Peter Herdic donated the land and or building materials for several of Williamsport's oldest and historic churches. Trinity Episcopal Church was funded entirely by Peter Herdic. He donated the land and paid for its construction. The structure was built in 1871 from mountain stone that was quarried from Bald Eagle Mountain near South Williamsport.[7] Herdic also donated the land or provided funds for Annunciation Roman Catholic Church, First Baptist Church, First Evangelical Lutheran Church, the Congregational Church and Temple Beth Ha Sholom.[2][17]
Peter Herdic's name will live on forever in the dictionary.[19] His invention the herdic was a small two wheeled carriage that was towed by a horse. The cab had side seats and rear entrance. Many transportation historians regard the herdic as a predecessor of the taxicab. The first herdic cabs carried up to eight passengers.[5] The earliest herdics were painted bright yellow and quickly acquired the canary nickname.

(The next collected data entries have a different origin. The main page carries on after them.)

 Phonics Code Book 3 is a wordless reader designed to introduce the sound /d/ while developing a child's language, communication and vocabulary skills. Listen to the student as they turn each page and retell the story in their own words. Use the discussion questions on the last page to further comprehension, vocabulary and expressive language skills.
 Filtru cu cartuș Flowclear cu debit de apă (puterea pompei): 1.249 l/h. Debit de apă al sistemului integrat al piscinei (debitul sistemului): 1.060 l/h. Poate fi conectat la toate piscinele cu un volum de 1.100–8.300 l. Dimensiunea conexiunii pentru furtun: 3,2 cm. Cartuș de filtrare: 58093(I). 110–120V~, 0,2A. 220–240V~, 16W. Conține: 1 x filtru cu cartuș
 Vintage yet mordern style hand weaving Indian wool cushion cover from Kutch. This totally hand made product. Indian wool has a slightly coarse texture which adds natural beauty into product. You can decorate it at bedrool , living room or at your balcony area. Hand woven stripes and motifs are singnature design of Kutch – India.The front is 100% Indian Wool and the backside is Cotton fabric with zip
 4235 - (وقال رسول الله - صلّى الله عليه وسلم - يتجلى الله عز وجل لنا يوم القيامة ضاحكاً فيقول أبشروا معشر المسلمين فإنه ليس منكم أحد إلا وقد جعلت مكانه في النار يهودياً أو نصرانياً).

Each cab was small enough to move freely through the city streets of Williamsport and leave its passengers at the curb instead of the middle of the street as other modes of public transportation were forced to do. Peter Herdic had moderate success with his cab and was able to sell it to the cities of Philadelphia and Washington, D.C. The herdic cab was in service in Washington as late as 1918.[5]

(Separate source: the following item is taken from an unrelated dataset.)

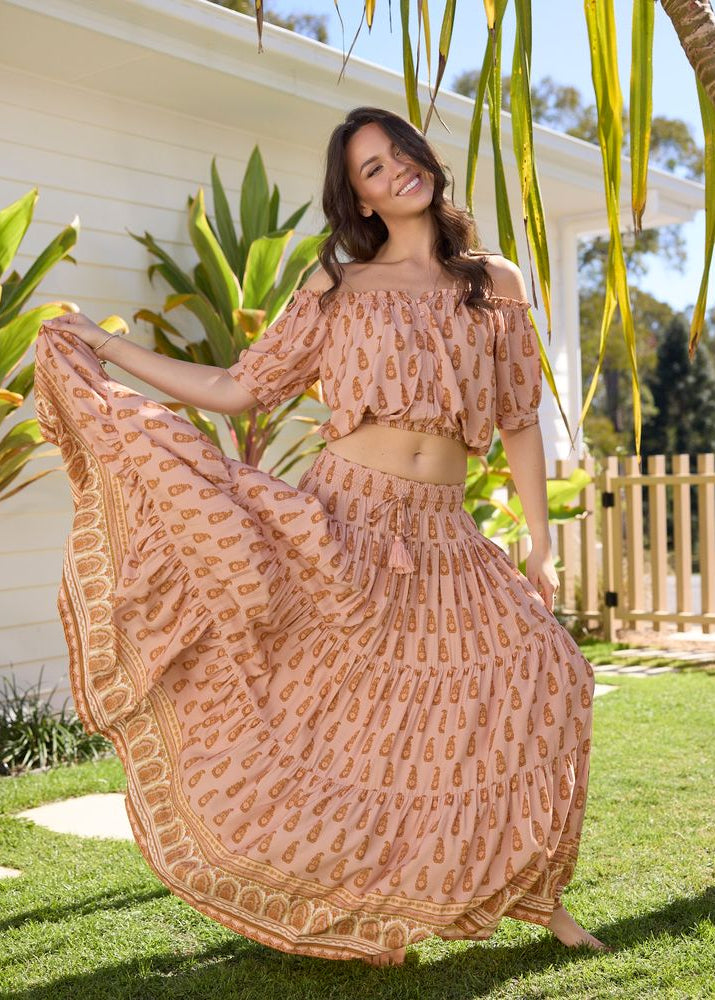 The perfect boho top in our Rosewood print! Mix & match with denim or as a matching skirt set.Lightweight and comfortable, it’s designed to move with you, making it ideal for everything from brunch dates to sunset strolls. Add a splash of bohemian charm and let your style blossom with this versatile, must-have piece.

Herdic's death in February 1888 was noted in the Sunday Grit as the passing of a leader and philanthropist. "Peter Herdic as really the father of Williamsport. He was a progressive citizen; whatever may be said by his enemies, it cannot be denied that had it not been for Peter Herdic, Williamsport might be nothing more than a village of a few thousand inhabitants." An editorial in the Williamsport Sun Gazette on March 4, 1988, marking the 100th anniversary of his death stated, "Historians have been unable to settle on Herdic as a hero or a scoundrel for his financial dealings so he remains somewhere in-between a century later. The mark he made on the city of Williamsport is indelible."[2]